Within the entries below, please retype exactly the lines starting with the line that has "Изысканная модель представлена" and going on through the line that has "- Emocje opadły", but not the pictures.
START DATA FOR PROCESSING
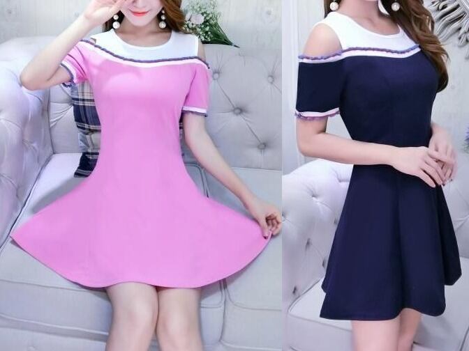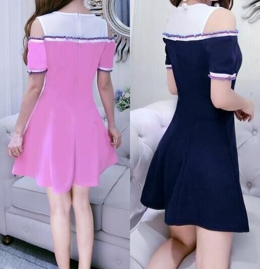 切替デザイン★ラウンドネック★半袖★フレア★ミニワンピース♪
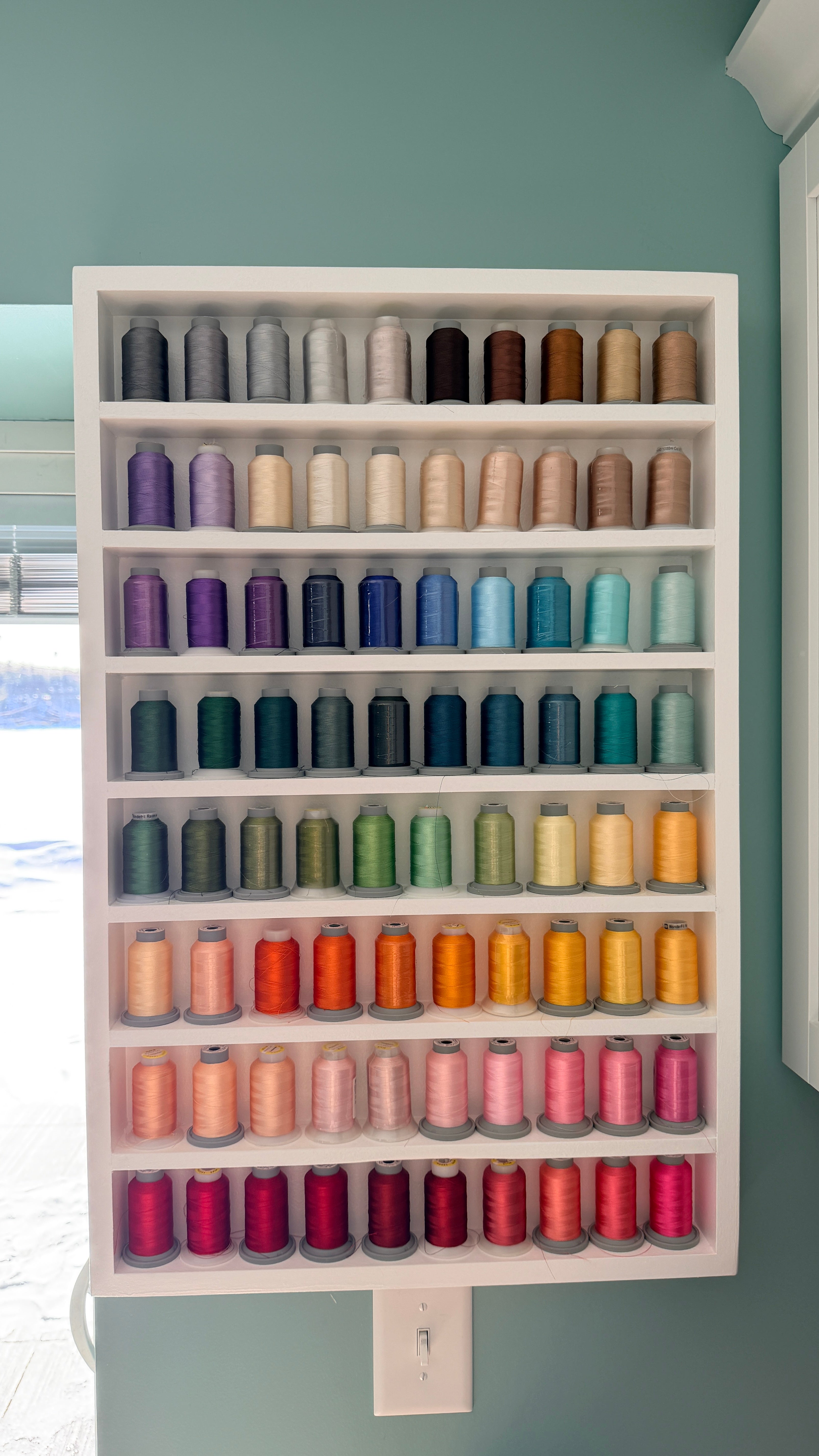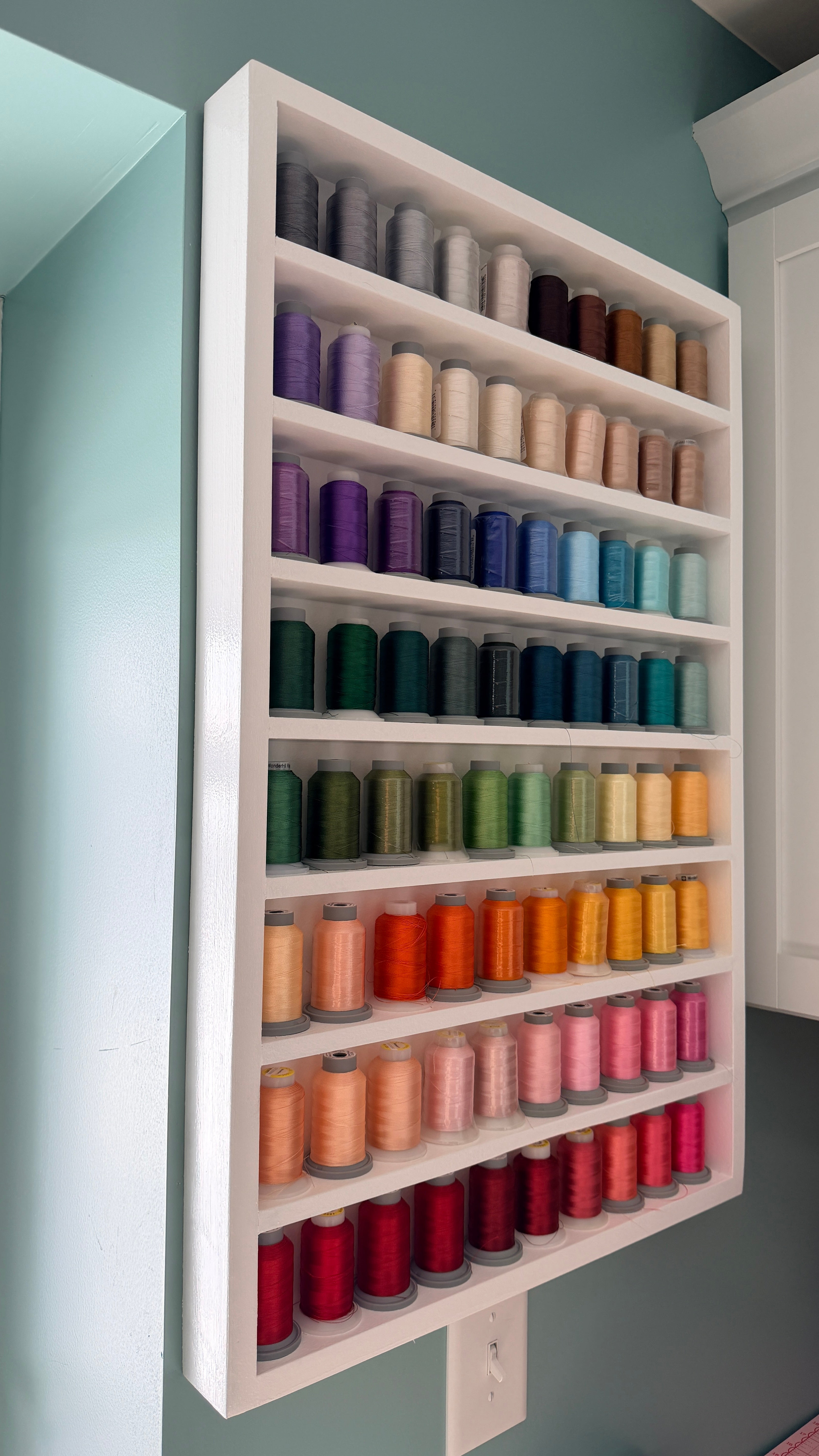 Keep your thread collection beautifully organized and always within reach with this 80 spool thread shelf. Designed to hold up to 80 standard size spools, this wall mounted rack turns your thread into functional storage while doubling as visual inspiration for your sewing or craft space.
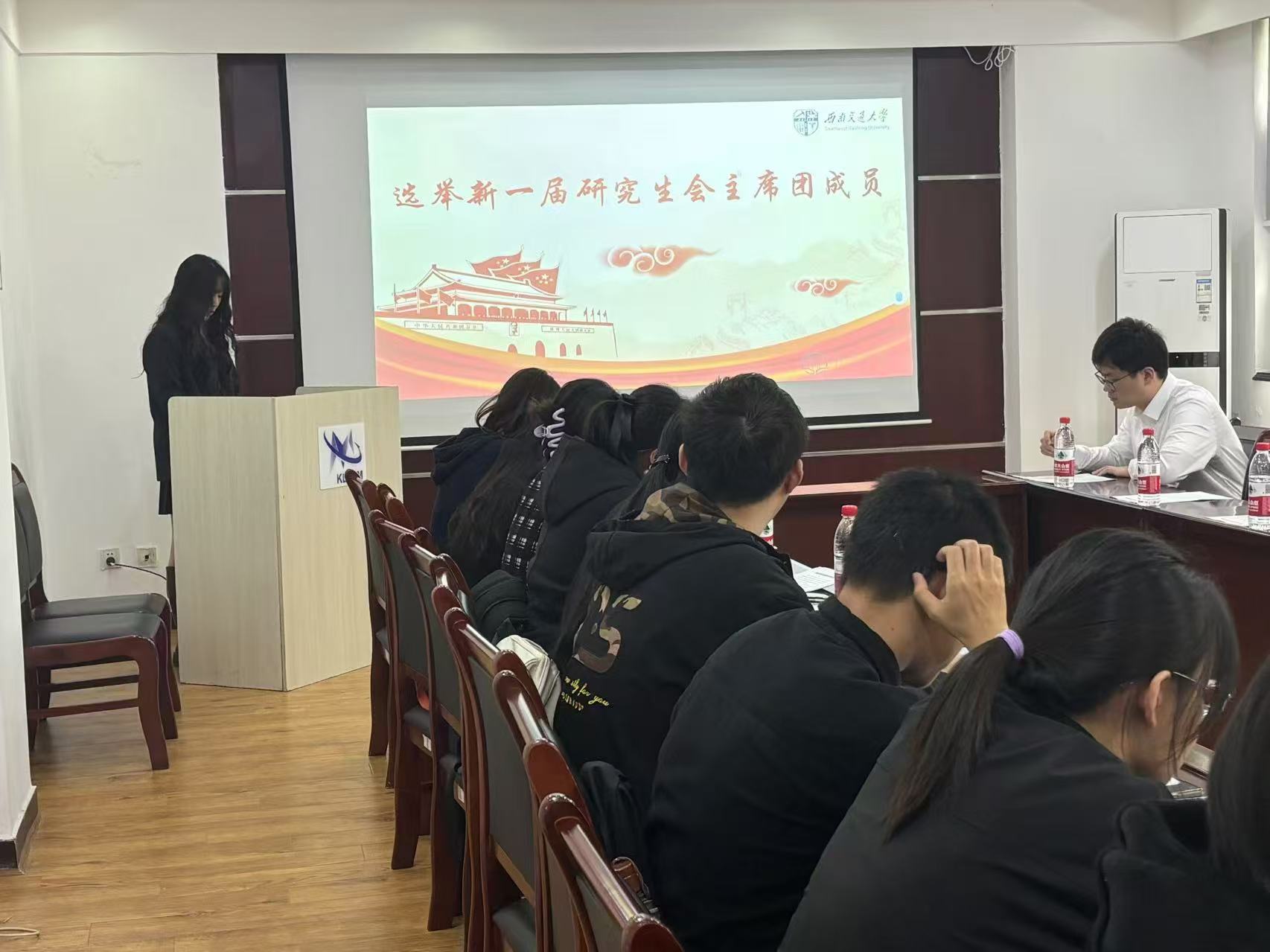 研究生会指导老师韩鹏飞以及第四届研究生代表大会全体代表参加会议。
END DATA FOR PROCESSING
START DATA FOR PROCESSING
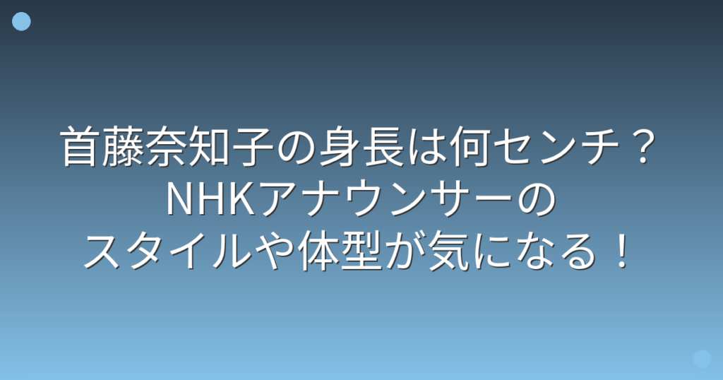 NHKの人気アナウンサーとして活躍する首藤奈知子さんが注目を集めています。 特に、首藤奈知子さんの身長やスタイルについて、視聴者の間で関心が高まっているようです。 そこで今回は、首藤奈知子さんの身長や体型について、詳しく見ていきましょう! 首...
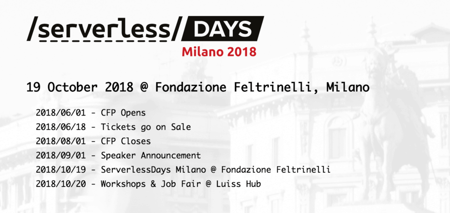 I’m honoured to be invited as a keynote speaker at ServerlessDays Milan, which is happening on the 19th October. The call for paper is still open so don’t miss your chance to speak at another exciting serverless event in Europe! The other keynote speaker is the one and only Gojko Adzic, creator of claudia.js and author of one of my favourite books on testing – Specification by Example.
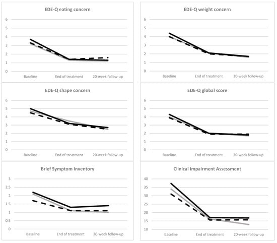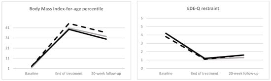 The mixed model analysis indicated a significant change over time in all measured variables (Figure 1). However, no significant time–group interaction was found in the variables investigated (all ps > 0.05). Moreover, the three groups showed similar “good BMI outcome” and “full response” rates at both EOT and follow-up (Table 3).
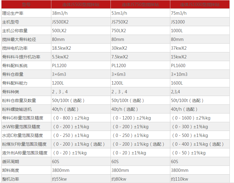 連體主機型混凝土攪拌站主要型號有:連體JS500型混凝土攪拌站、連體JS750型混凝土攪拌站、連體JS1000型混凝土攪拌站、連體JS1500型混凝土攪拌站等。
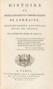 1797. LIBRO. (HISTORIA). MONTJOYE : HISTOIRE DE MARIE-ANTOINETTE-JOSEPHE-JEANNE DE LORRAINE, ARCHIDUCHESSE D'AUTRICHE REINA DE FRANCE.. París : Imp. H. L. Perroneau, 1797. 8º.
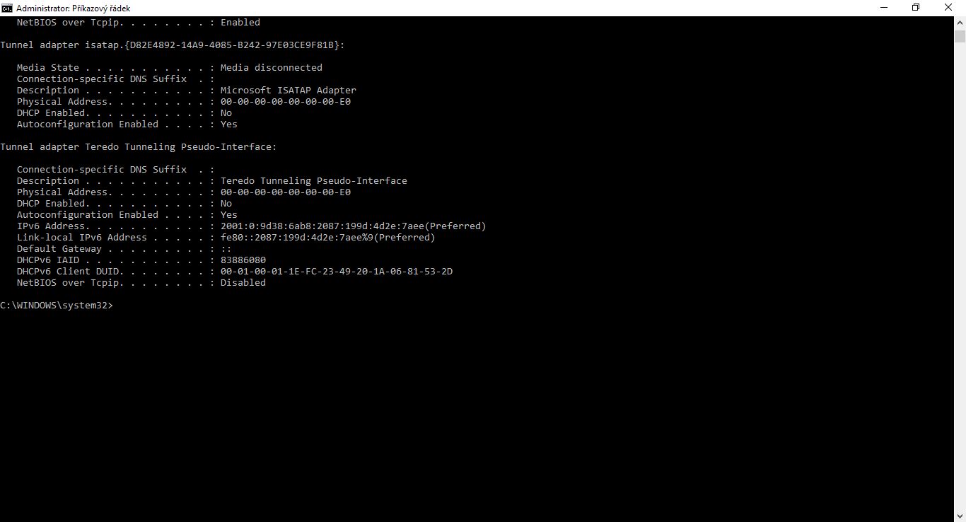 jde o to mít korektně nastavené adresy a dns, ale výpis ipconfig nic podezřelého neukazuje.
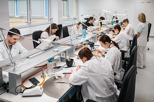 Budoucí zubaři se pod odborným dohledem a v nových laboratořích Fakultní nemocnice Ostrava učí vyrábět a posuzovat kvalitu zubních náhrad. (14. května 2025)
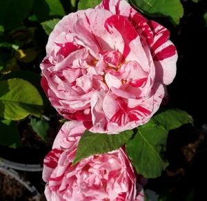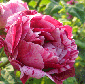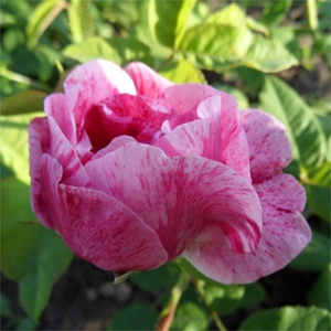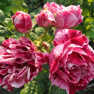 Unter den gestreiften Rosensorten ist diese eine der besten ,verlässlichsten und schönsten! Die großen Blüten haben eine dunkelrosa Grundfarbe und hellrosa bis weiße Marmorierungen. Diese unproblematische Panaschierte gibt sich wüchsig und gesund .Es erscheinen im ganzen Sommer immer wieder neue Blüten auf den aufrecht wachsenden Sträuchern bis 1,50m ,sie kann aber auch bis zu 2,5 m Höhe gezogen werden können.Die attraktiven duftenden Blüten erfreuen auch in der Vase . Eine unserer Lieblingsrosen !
END DATA FOR PROCESSING
START DATA FOR PROCESSING
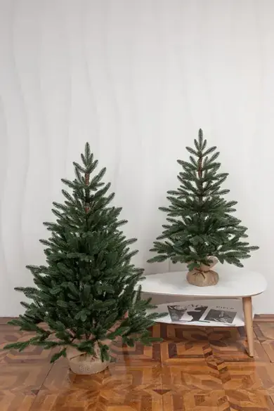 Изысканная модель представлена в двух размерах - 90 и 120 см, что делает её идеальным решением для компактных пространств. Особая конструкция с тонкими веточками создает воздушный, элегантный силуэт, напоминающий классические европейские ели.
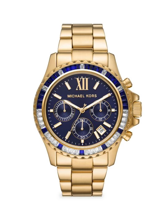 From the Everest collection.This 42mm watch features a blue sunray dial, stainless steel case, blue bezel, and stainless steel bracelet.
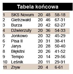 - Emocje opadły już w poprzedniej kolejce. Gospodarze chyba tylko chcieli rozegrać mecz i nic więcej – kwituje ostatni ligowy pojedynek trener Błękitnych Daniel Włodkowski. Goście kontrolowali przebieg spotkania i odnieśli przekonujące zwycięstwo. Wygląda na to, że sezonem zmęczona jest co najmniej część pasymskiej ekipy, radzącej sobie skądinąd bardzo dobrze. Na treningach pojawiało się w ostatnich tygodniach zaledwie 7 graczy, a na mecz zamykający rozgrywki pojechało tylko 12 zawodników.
END DATA FOR PROCESSING
▶ **RESULT OF THIS EXERCISE**
 Изысканная модель представлена в двух размерах - 90 и 120 см, что делает её идеальным решением для компактных пространств. Особая конструкция с тонкими веточками создает воздушный, элегантный силуэт, напоминающий классические европейские ели.
 From the Everest collection.This 42mm watch features a blue sunray dial, stainless steel case, blue bezel, and stainless steel bracelet.
 - Emocje opadły już w poprzedniej kolejce. Gospodarze chyba tylko chcieli rozegrać mecz i nic więcej – kwituje ostatni ligowy pojedynek trener Błękitnych Daniel Włodkowski. Goście kontrolowali przebieg spotkania i odnieśli przekonujące zwycięstwo. Wygląda na to, że sezonem zmęczona jest co najmniej część pasymskiej ekipy, radzącej sobie skądinąd bardzo dobrze. Na treningach pojawiało się w ostatnich tygodniach zaledwie 7 graczy, a na mecz zamykający rozgrywki pojechało tylko 12 zawodników.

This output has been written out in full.